Charleston, South Carolina, has a deserving reputation as the country’s most overachieving restaurant city. A plethora of big-name chefs and an abundance of access to fresh produce and seafood have catapulted the city’s dining scene to national recognition. While the city may lay claim to some of the nation’s best Low Country cuisine, charcuterie and more, one man recognized Charleston’s lack of a true Southern staple: barbecue.
John Lewis is a Texas pitmaster who helped open the world-famous Franklin Barbecue in Austin before moving on to start his own venue in town, La Barbecue (commonly referred to as the city’s best ’cue not named “Franklin”). By the end of the month, Lewis is set to open an eponymous restaurant in Charleston’s emerging Upper Peninsula, where he’ll dish out his trademark Central Texas–style barbecue.
As the big day fast approaches, Lewis is faced with dilemmas that can be commonplace in the wild, wacky world of restaurants. “Here in Charleston, there are more restaurants than there are people who actually live here — there’s not enough restaurant staff to go around,” he says. “People go from place to place here like crazy. I’ll be at a restaurant and I’ll see someone there. Three weeks later, it didn’t work out, they’re in a different department, and three weeks later they’re in a different place.”
Furthermore, it’s challenging to find individuals who have any sort of experience with the cooking style. “With barbecue, you can’t go to culinary school because none exist,” Lewis says. “Anyone who has learned from barbecue joints is going to change what they learned anyway.” Lewis describes himself as self-taught, having taken more than a decade — “and thousands of dollars of trial and error” — to properly hone his smoking skills.

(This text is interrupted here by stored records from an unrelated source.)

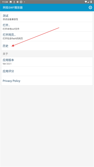 1、打開網(wǎng)極swf播放器的APP,在首頁(yè)內(nèi)點(diǎn)擊歷史的按鈕。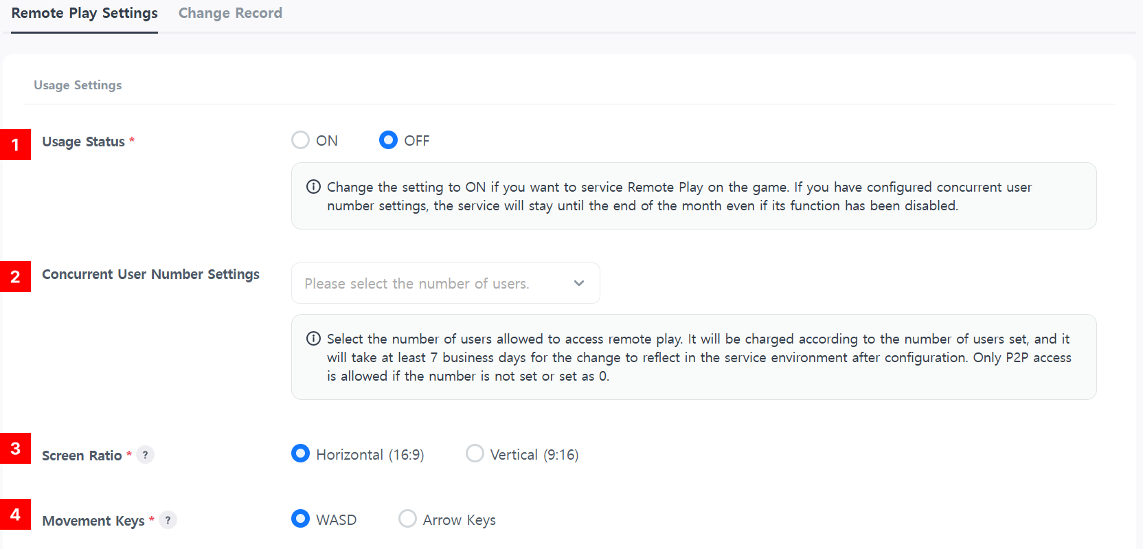 • サービス終了基準:リモートプレイを「無効」、プロジェクトステータスを「終了」、同時ユーザー制限を「0」に設定。( 注: リモートプレイが有効で、同時ユーザー数制限のみが 0 に設定されている場合、Web サイトはアクティブなままです。 )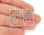 4 Flowers Frame Charms Antique Silver Plated Charms (34x18mm) G22514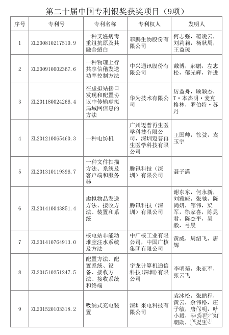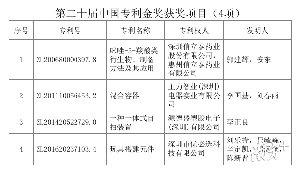 深圳市市场监管局(市知识产权局)分析称,深圳企业专利获奖占全国、全省比例较大,表明深企在研发创新方面继续保持领先优势。其中,华为、中兴、腾迅、比亚迪等核心重点企业表现稳定,依然是各类专利榜单的“常客”;与此同时,越来越多的生力军加入自主创新队伍,比如此次获中国专利金奖的企业中,除信立泰曾获第17届中国专利奖金奖外,其余3家企业均为首次获得该项金奖。

So with a local workforce that’s short on bodies and experience, how is Lewis planning to staff his upcoming BBQ joint?
Well, by offering more than just a job — an education. Lewis envisions his new restaurant serving as a sort of barbecue university for aspiring pitmasters. Specifically, he’s looking to hire four brave souls to serve as his protégés. Lewis will train these folks in the art of barbecue for one year (in addition to paying them).
“What would be awesome is if there was some 23-year-old guy from California or something, and his dream is to have a barbecue joint and he came out here, spent a year or two with me and then he can go back, away from Charleston, and do his thing somewhere else,” says Lewis.
Experience with BBQ is a plus but not required. “It’s important but not as absolutely necessary as someone who is super stoked about barbecue — someone who is extremely passionate about it,” he says.
Because Lewis is secretive about a lot of his processes, anyone he hires will have to sign a nondisclosure agreement, promising that he or she will not open a competing restaurant in town at the end of the required one-year term. “I don’t want them to be here for 22 months and then go back down the street to some other barbecue joint and start poaching my people,” he says. In return for at least one year of loyalty to Lewis’s new restaurant, employees will learn how to work with large cuts of meat, butchering, sausage-making, fire management, how to build a fire and how to serve the meat.
In the end, Lewis views the openings as ideal stepping stones for his potential hires. “Anyone who’s really into it and who’s going to work really hard for me is not going to want to do it for someone else forever. Anyone who’s worthwhile is going to dream to do this for themselves,” he concludes. Excuse us for just a minute while we begin filling out an application for barbecue school.